The rush of belonging
By the 2010s, the patriotic song had diversified into multiple registers. Some, like Ae Watan in Meghna Gulzar’s Raazi (2018), returned to the earnest emotional pitch of the ’60s but filtered it through personal dilemmas: what does loyalty mean when it demands betrayal? Arijit Singh’s restrained delivery and Gulzar’s layered writing made it a song as much about identity as allegiance. Others, like Challa (Main Lad Jaana) from Aditya Dhar’s Uri: The Surgical Strike (2019), widely criticised to be a propaganda film, fed a climate where patriotism is increasingly defined in combative terms. The song’s drumbeat urgency mirrored the film’s tone, a far cry from the lyrical introspection of Swades.

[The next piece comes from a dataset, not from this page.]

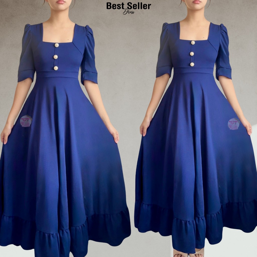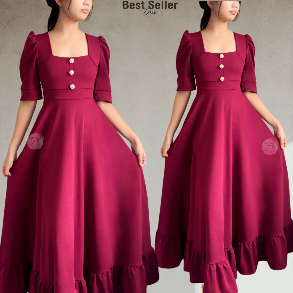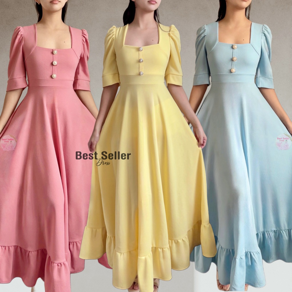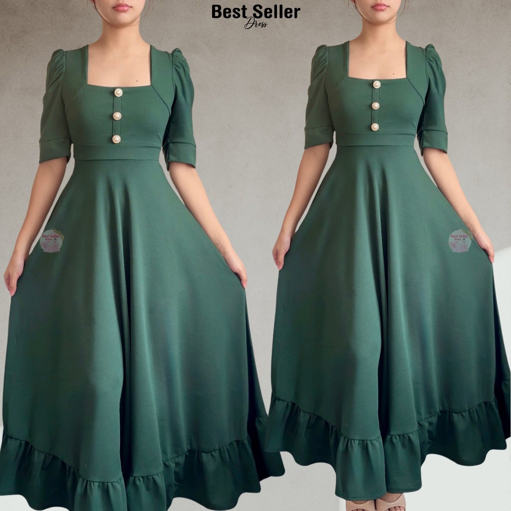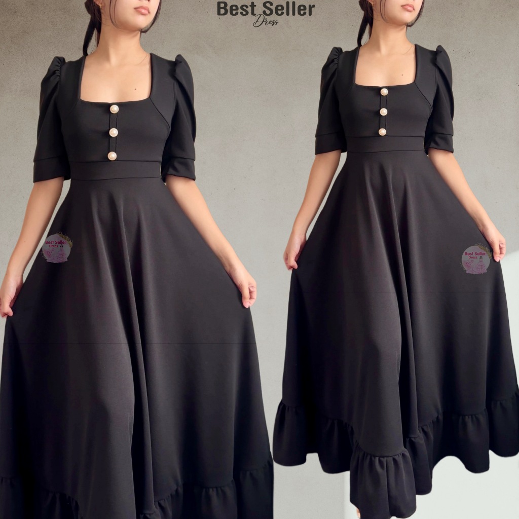 BSD Best Seller Dress Josephine (XS-XXL) Puff Sleeves With One Side Pocket Maxi Womenswear Dress

We are living in a time when patriotism is often commodified, reduced to hashtags, merchandise, and prime-time shouting. But these songs remind us that to love a country is to feel something that can’t be legislated or sold. It’s the pull of a melody, the phrasing of a lyric, the way your voice catches on a word you’ve sung since childhood. Today, when jingoism is the order of the day, I think of the songs I grew up with, the ones that stitched the nation into my very sense of self.
I remember singing Ae Watan Ae Watan in school assemblies, my small voice joining hundreds of others. Those melodies never asked my name before they made my heart swell. They taught me that loving your country isn’t about proving it on demand; it’s about carrying it quietly in your bones. When I hear Yeh Jo Des Hai Tera or Maa Tujhe Salaam, I feel the same rush of belonging I did as a child on those damp August mornings, when the whole neighbourhood or the school sang together and no one asked who stood where in the line or which religion they belonged to.